Is anyone knows how to fix it?

(Ron Arévalo) #2

Hey @edgar,

It would be useful if you can provide a debug zip so we can take a look at all the logs. We have instructions on how to generate that here and you can upload the debug zip here,

(Ron Arévalo) #3

Hey @edgar,

To follow up, could you provide us with a trace for the grant select on db_name.* to user_name statement?

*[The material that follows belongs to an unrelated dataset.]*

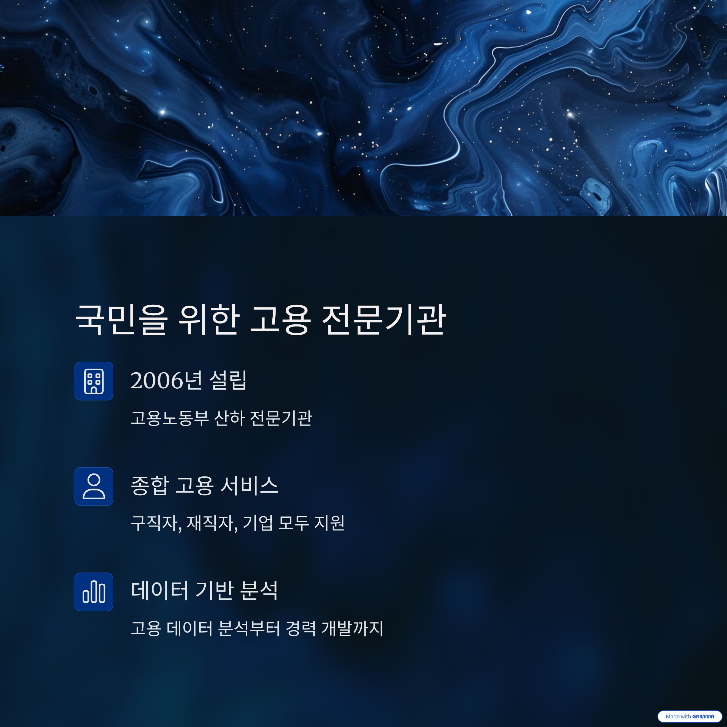 단순한 일자리 소개가 아닌, 고용 데이터 분석, 진로 지도, 경력 개발까지 다각도로 지원하는 점이 특징입니다.

From the built in sql client, you’d run the following:

  1. set trace = on
  2. grant select on db_name.* to user_name
  3. set trace = off
  4. show trace for session

This would print out a long trace that would be useful for debugging.

Thanks,

Ron

(Edgar) #4

I can’t upload the txt or zip file.Is that the pdf file ok for you to analysis?Or please give me your email.I will send it to you.

(Edgar) #5

After reboot and rejoin all the nodes.Execute the command again:“grant select on table db_name.* to user_name;”.112 tables took 7 min.Later I will upload the tracing log.

Thinking:
The situation like me:if I want a user can access all the data(so many databases and so many tables).What should I do without the admin role?Because the admin role only can use in the enterprise version.

(Edgar) #6

Thanks.I have solved it.Very simple operation.Just reboot all the nodes(make sure all the nodes down in the same time).After that,restart them one by one with the command --join=‘all_ip:port…’ .Wait untill all the nodes are rejoin the cluster.Two miniute later.Check …node status --all.Bingo ,it work.